その当たり前の事を認識した瞬間に俺は、ほんの少し、本当に少しだけだが『信じてみるのもいいんじゃないか?』と他人からの好意に対して認識が変化した、そんな気がした。
そらした視線を眼前にいるはずの少女へ伝えなければならない言葉を伝えようと思ったその時。
目の前には驚きの光景が広がっていた。
「し、雫…?」
「すぅ…すぅ…」
俺の胸元に顔を埋めて眠りこけている雫の姿があった。
「おーい…雫さん~?おーい?」
(嬉しそうな表情ではちまんの胸に顔をうずめている雫)
「この状況誰かに見られたら社会的に死ねるな…人の苦労も知らずにすやすや眠りやがって…こんにゃろう…。」
「…ふにぅ…。」
このまま眠りこけられるのは非常に不味いので魔法を使って雫には離れて貰いベットで寝て貰うことにした。
雫の今日の行動のお陰で俺は好意を告げられた三人の少女に対して「只の同じ高校のかわいい同級生」としてではなく「俺に気に掛けてくれるかわいい同級生」と意識をせざるを得なかった。
「俺、今度雫達に会うときにどんな表情で向かい合えばいいんだ…?!」
俺を気に掛けてくれる美少女にファーストキスをさせてしまった後悔が俺の心のなかでぐるぐるしていた。
正直顔を会わせたら挙動不審になるのは確実だろうからな…。
先程のキスを思い出して悶絶しそうになったが、頭を振って立ち直り雫の部屋から退室した。

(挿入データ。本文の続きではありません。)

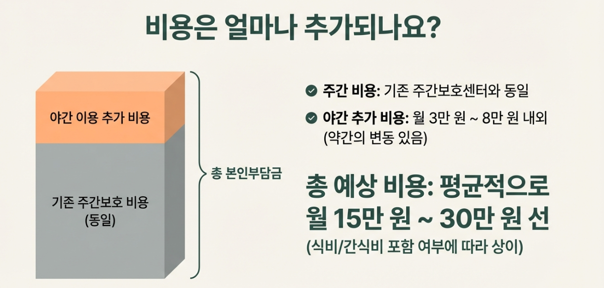 - 주간 이용 비용: 기존 주간보호센터와 동일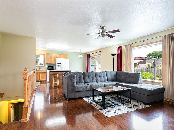 Great home ready to move in. Main level features a great sized living room that is open to the kitchen. Kitchen features all appliances, that stay with home, great counter space w/ the center island. There is an eat in area with patio doors that lead to the concrete patio w/ pergola for some nice cover. There is a flower garden as well. The 3 bedroom are all good sized w/ nice closet space. The full bath completes the main level. The lower level has some finish (250 approximately) with a living room with a gas fireplace. There is a 1/2 bath, laundry room and a huge space that could be finished as an additional bedroom. The two car garage has built in shelving and a gas line if you wanted to add a heater for a heated garage. There is also an irrigation system (current owner has never used it). Come take a look at this home.

部屋で眠ってしまった二人の表情は笑みを浮かべていた。
八幡の心が少しづつ、ほんの少しだが前向きになったことを感じ取ったのかは知らない。
八幡が彼女達の想いを本当に信じられるまで幾多の出来事があることをまだ、彼女達と八幡は知る由も無かった。
最も、彼を慕うのが3人だけとは限らないが。
酔いから覚めて八幡に介抱されていた。
「うう…まさかこんなにお酒に弱いだなんて思わなかったよぉ~…。」
「…///」
「雫大丈夫だった…って顔が紅いけど。」
「う、うん私もお酒がこんなに弱かったとは思わなかった。」
「…///」
「…///」
「二人とも…顔色紅いけど大丈夫?」
「あ、いや!ちょっと暑くてな…。」
「うん、私も暑くて。」
ほのかに心配された二人は言葉を交わしてはいないが思うところは一緒だった。
「(さっきの出来事ぜってぇ言えねぇ…。)」「(ほのかに絶対言えない…。)」
「?」
ほのかは疑問符を浮かべているが真実には到達しそうになかった。